Furthermore, we’ve represented the training of a single node within a tree as an OpenMP task as well. Thus, we have that nodes are mapped to a single thread that is working to complete its computation. Finally, for the finest-level of parallelism, we are representing the computation of the gini-impurity score for a single split as a task within OpenMP as well. Thus, the work of computing that gini-impurity score is also mapped to a thread for work. Regardless, all pieces of independent work are being mapped to a single thread that will complete its execution due to the fact that we are using the OpenMP parallelism model for training.
Code Profiling
Given our pre-existing knowledge about the random forest algorithm, we had some idea of what areas of the sequential code had the most opportunity for parallelization. This included parallelizing the training of individual random trees within a forest, as they are all significant and independent pieces of computation. Furthermore, from our prior experience with Lab 3 using OpenMP to improve the speedup for an N-body simulation, we noticed that the tree-like structure exhibits a very similar structure to that of the quad-trees in Lab 3. Thus, we noticed that we can parallelize the creation of the children as well. Furthermore, we believed that there were other opportunities for parallelizing this algorithm to make it more efficient, specifically for the computation within a single node. In order to confirm our hypothesis as well as find other areas for improvement that we may not have thought of, we started by profiling the sequential implementation of the random forest algorithm.

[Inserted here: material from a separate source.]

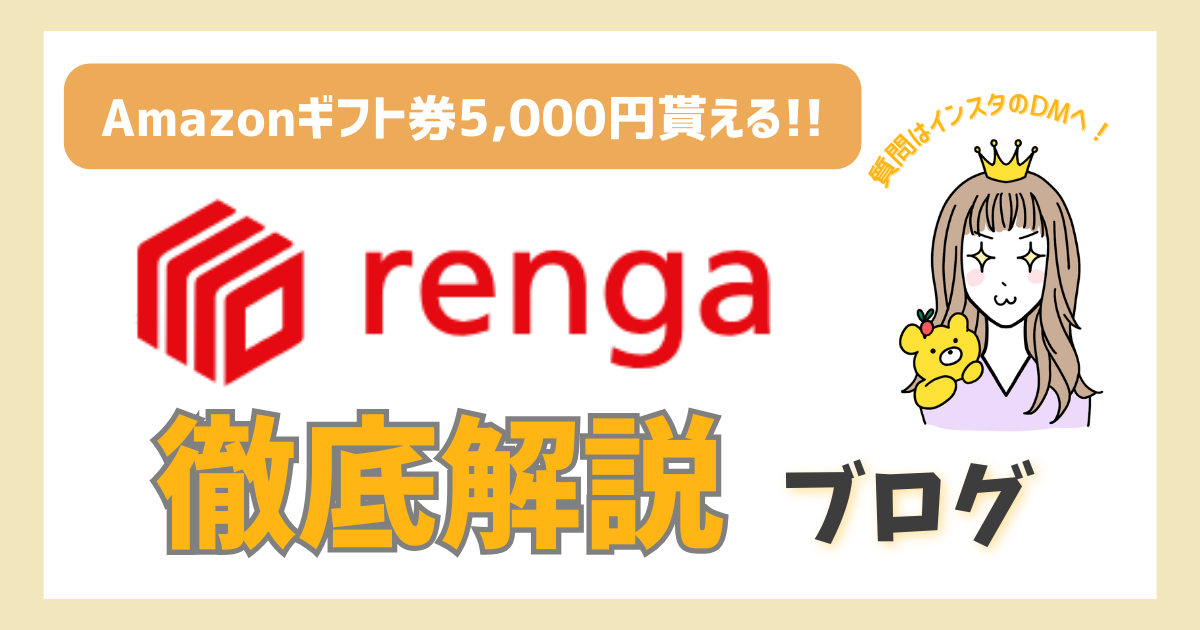 それならrengaがおすすめだよ!2025年3月13日より先着募集スタートのrengaの第2号ファンド(南青山・利回り4%・運用3年)に投資するだけで、口座開設1,000円+初投資4,000円=最大5,000円分のAmazonギフト券が手に入るキャンペーン情報を完全解説✨️10万円から始められる少額不動産投資の実態と注意点もあわせて紹介するね!

In order to profile our code, we placed timing code around the main areas of the implementation. We got a total time for training a single decision tree. Within training a decision tree, in the fit function, the three main portions of computation were determined to be the calls to find_best_split, split, and the recursive calls for training the children. We placed individual timers around these calls to gain a more granular look at which portions of the code were slow. A sample of the outputs that were received is below.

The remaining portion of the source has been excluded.